**TASK GOAL**
Copy out exactly the lines from the one containing "Kit com 6 Pares" to the last line of the records below, both included, and leave out any pictures.

**STUDY MATERIAL**
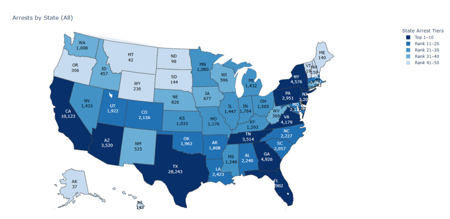 Southwest border states like California and Arizona have reported significant numbers of arrests, with 10,123 and 3,520 respectively. Other states ranking in the top 10 for immigrant arrests include:
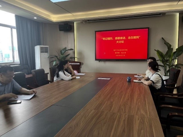 6月7日下午,伟德国际1946源于英国教师第一党支部开展了“牢记嘱托、感恩奋进、走在前列”集中交流研讨会。会议由教师第一党支部书记戴玥主持。
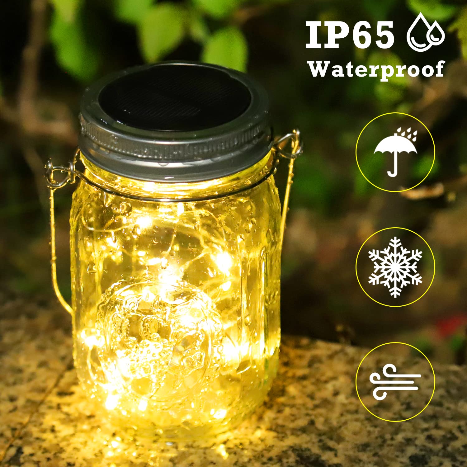 8 Stück Solar-Einmachglas-Deckel, 20 LEDs, Wasserdichte Lichterkette Mit 8 Aufhängern (Gläser Nicht Im Lieferumfang Enthalten), Für Hochzeit, Outdoor, Rasen, Party, Weihnachtsdekoration (kaltweiß
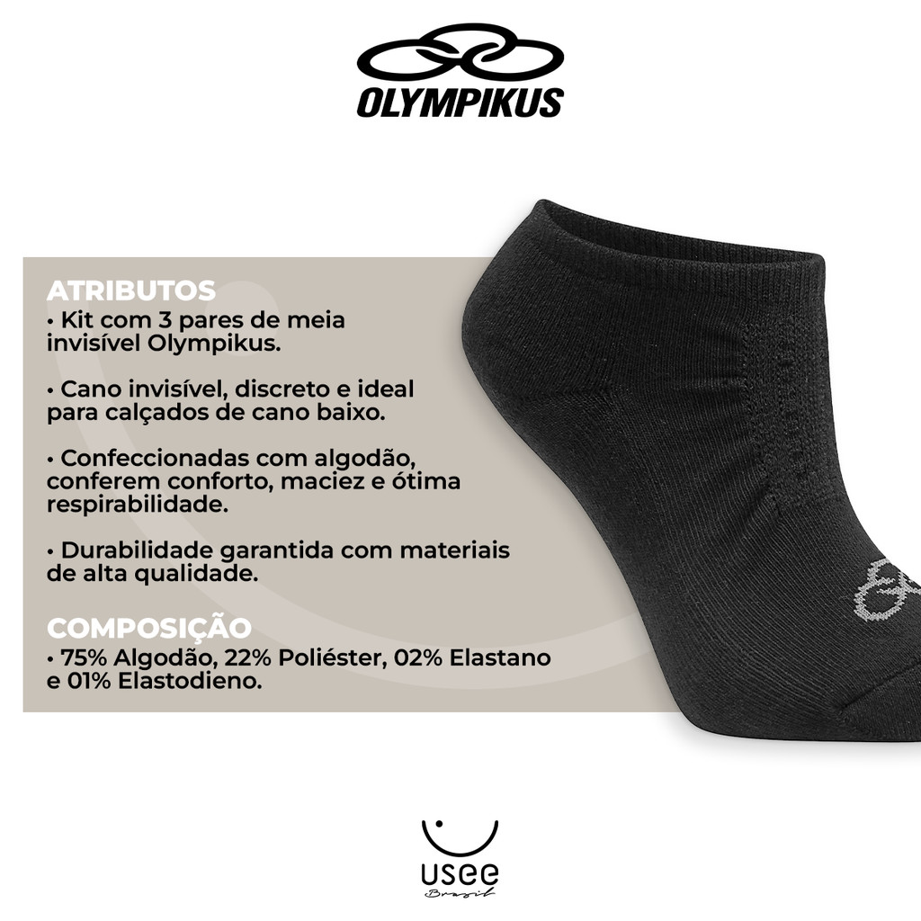 Kit com 6 Pares de Meias Invisível Adulto Algodão Macio Original Olympikus
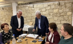 Το απόγευμα της Κυριακής 25/2, οι εθελοντές καθηγητές, -τριες του Κοινωνικού Φροντιστηρίου του Δήμου Ηρακλείου έκοψαν την πίτα τους, παρουσία του Δημάρχου Αλέξη Καλοκαιρινού, των Αντιδημάρχων Παιδείας Αντώνη Περισυνάκη και Εθελοντισμού Φιλαρέτης Δαφέρμου Χρονάκη και της συντονίστριας Μελπομένης Περιστέρη στο καφέ «Μαρίνα».

**SOLUTION FOR THIS PROBLEM**
 Kit com 6 Pares de Meias Invisível Adulto Algodão Macio Original Olympikus
 Το απόγευμα της Κυριακής 25/2, οι εθελοντές καθηγητές, -τριες του Κοινωνικού Φροντιστηρίου του Δήμου Ηρακλείου έκοψαν την πίτα τους, παρουσία του Δημάρχου Αλέξη Καλοκαιρινού, των Αντιδημάρχων Παιδείας Αντώνη Περισυνάκη και Εθελοντισμού Φιλαρέτης Δαφέρμου Χρονάκη και της συντονίστριας Μελπομένης Περιστέρη στο καφέ «Μαρίνα».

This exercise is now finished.